DATA BLOCK START

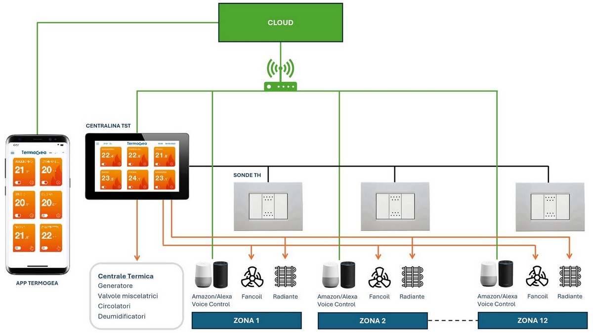 Termoregolazione solo da Smartphone con Sonde ambiente collocate in ogni zona.
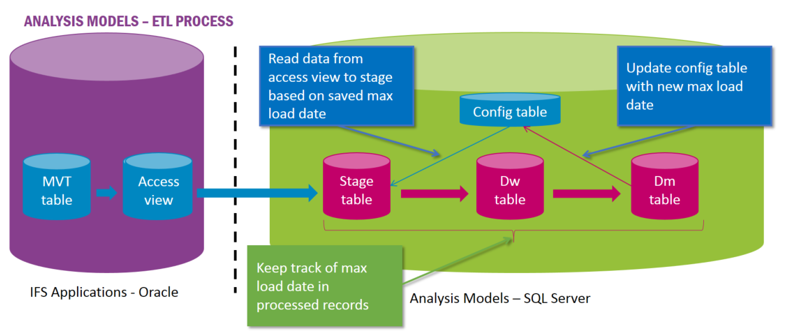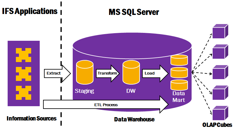 IFS Analysis Models consists of a framework that supports an ETL process, transferring data from IFS Applications to a Data Warehouse hosted in MS SQL Server.
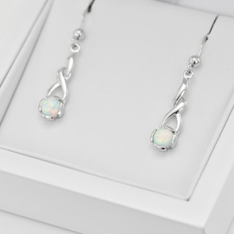 • die Hängeohrringe kombinieren zärtliches Silber mit der Schönheit weißer Opale

DATA BLOCK END

(WORK ITEM) Nothing but the lines from the line with "IFS Analysis Models" through the last line of the listing should be copied, exactly and with both ends kept. Leave pictures out.

(TASK ANSWER)
 IFS Analysis Models consists of a framework that supports an ETL process, transferring data from IFS Applications to a Data Warehouse hosted in MS SQL Server.
 • die Hängeohrringe kombinieren zärtliches Silber mit der Schönheit weißer Opale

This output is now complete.